>>

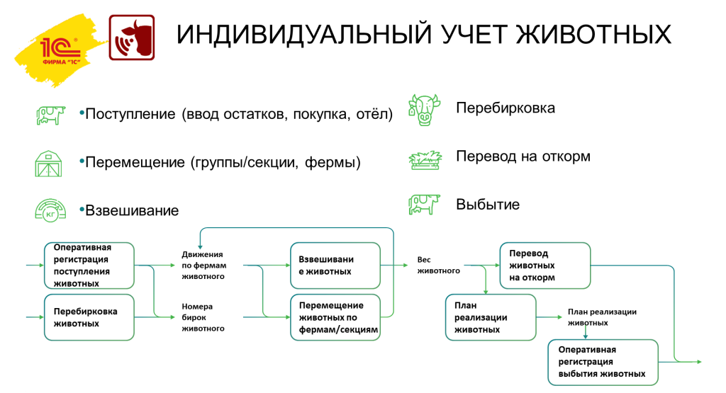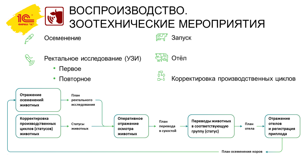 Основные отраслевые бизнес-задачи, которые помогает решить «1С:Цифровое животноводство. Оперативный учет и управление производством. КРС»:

<<
>>

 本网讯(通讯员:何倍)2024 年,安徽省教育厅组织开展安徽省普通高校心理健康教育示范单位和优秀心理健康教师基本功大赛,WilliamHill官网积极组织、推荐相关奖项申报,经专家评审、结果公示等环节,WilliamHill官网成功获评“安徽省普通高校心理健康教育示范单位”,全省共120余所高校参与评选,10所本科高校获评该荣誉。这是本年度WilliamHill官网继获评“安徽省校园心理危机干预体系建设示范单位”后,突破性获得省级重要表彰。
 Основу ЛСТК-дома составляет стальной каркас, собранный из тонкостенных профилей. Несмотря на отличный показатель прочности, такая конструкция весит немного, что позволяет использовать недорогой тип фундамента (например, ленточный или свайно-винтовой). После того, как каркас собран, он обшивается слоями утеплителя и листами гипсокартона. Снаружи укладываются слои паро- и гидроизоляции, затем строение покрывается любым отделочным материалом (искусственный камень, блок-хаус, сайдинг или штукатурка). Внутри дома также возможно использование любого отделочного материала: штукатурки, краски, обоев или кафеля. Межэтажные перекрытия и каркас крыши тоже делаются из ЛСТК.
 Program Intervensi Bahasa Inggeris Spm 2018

<<

PROBLEM REQUIREMENTS — Write out exactly the lines above from the line with "本网讯(通讯员:何倍)202" through the line with "Program Intervensi Bahasa Inggeris Spm 2018", both of them included, and leave out all other lines.

YOUR SOLUTION —
 本网讯(通讯员:何倍)2024 年,安徽省教育厅组织开展安徽省普通高校心理健康教育示范单位和优秀心理健康教师基本功大赛,WilliamHill官网积极组织、推荐相关奖项申报,经专家评审、结果公示等环节,WilliamHill官网成功获评“安徽省普通高校心理健康教育示范单位”,全省共120余所高校参与评选,10所本科高校获评该荣誉。这是本年度WilliamHill官网继获评“安徽省校园心理危机干预体系建设示范单位”后,突破性获得省级重要表彰。
 Основу ЛСТК-дома составляет стальной каркас, собранный из тонкостенных профилей. Несмотря на отличный показатель прочности, такая конструкция весит немного, что позволяет использовать недорогой тип фундамента (например, ленточный или свайно-винтовой). После того, как каркас собран, он обшивается слоями утеплителя и листами гипсокартона. Снаружи укладываются слои паро- и гидроизоляции, затем строение покрывается любым отделочным материалом (искусственный камень, блок-хаус, сайдинг или штукатурка). Внутри дома также возможно использование любого отделочного материала: штукатурки, краски, обоев или кафеля. Межэтажные перекрытия и каркас крыши тоже делаются из ЛСТК.
 Program Intervensi Bahasa Inggeris Spm 2018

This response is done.